Il Mediterraneo ha offerto spunti succosi per “spiegare” Latina, i suoi dintorni, lo sviluppo di città nuove attraverso genti diverse, ognuna con una storia diversa. Il mare ha portato qui persone di origine italiana proveniente dai paesi magrebini del Nord Africa (Egitto, Tunisia, Libia) da Israele, dalla Ex Jugoslavia, Albania, Cipro, Rodi e il Dodecaneso, qualcuno è arrivato da Salonicco, tutti porti, tutti punti di partenza.

“Ci furono famiglie – lo racconta spesso Silvano Roccato, ex assessore socialista – che dal Veneto arrivarono a Littoria, poi furono invitate a raggiungere l’Albania (Durazzo, Valona, Scutari) per occuparsi di bonifiche, dopo l’occupazione del 1939 che portò alla costituzione del Regni d’Italia e d’Albania. Erano tutti tecnici molto preparati. Durò pochi anni la loro permanenza oltremare, gli eventi bellici portarono di nuovo in Italia nel 1943”.

Stessa cosa fecero le venti famiglie di pescatori ponzesi che trovarono ospitalità nell’isola di Lagosta, lavorando in una fabbrica di trasformazione di sardine.

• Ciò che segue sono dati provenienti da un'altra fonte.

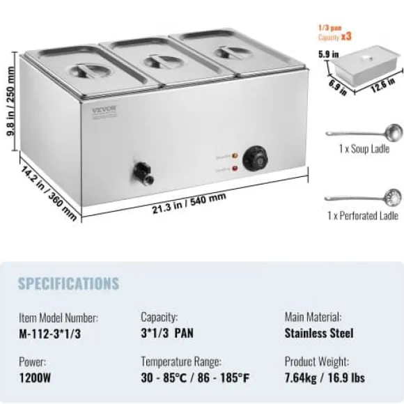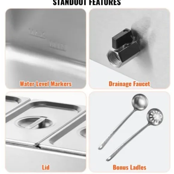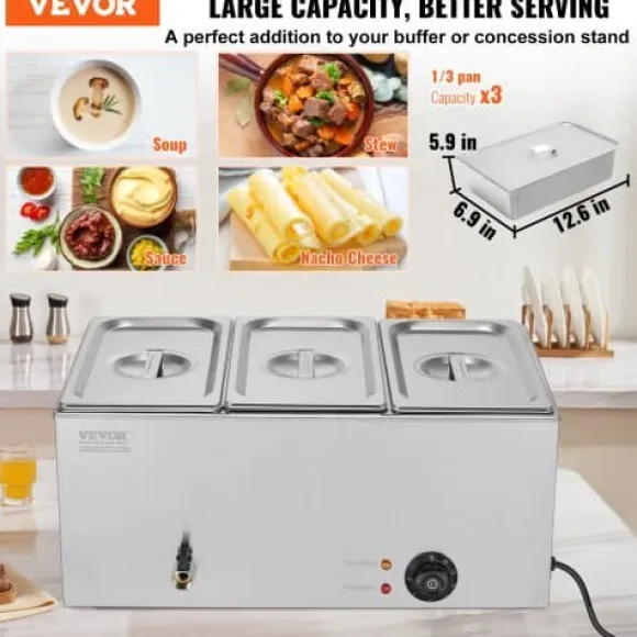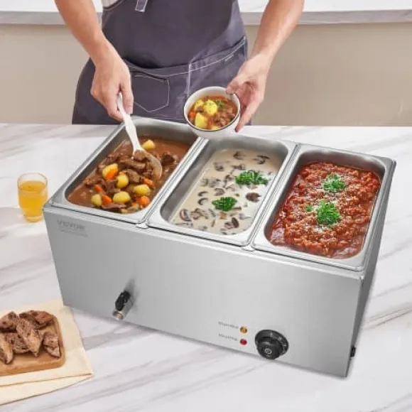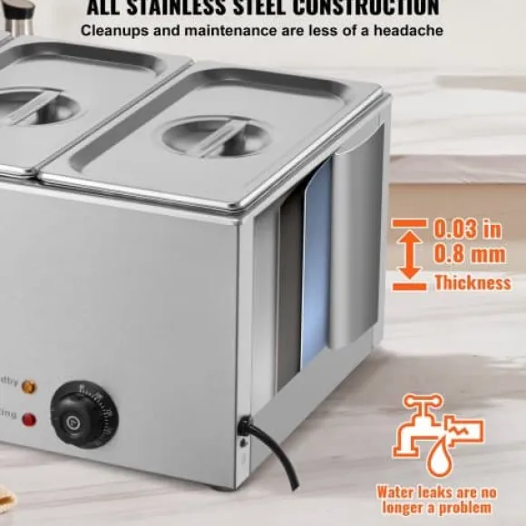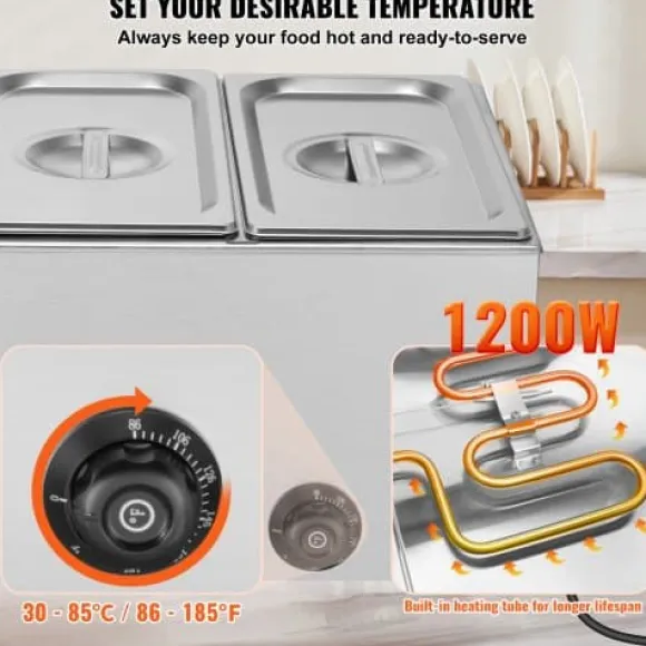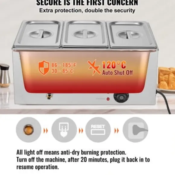 Denna professionella bänkmonterade matvarmhållare är utformad för catering och restaurangbruk, och håller effektivt flera rätter varma och serveringsklara. Den robusta konstruktionen i rostfritt stål säkerställer hållbarhet och enkel rengöring, medan den justerbara temperaturkontrollen och torrkokningsskyddet ger säker och pålitlig drift. Enheten inkluderar tre matbehållare och användarvänliga funktioner för smidig servering och rengöring.

Abitavano al Villaggio Razza, un posto incantevole dove si trovavano bene, quasi agiati su uno “scoglio” che somigliava al loro, non avevano problemi di ambientamento. Anche loro furono consigliati di lasciare la provincia di Zara – allora italiana – e di raggiungere di gran carriera Ponza dopo una breve ma travagliata sosta a Bari. Restò a Lagosta solo una ragazza, naturalmente per amore.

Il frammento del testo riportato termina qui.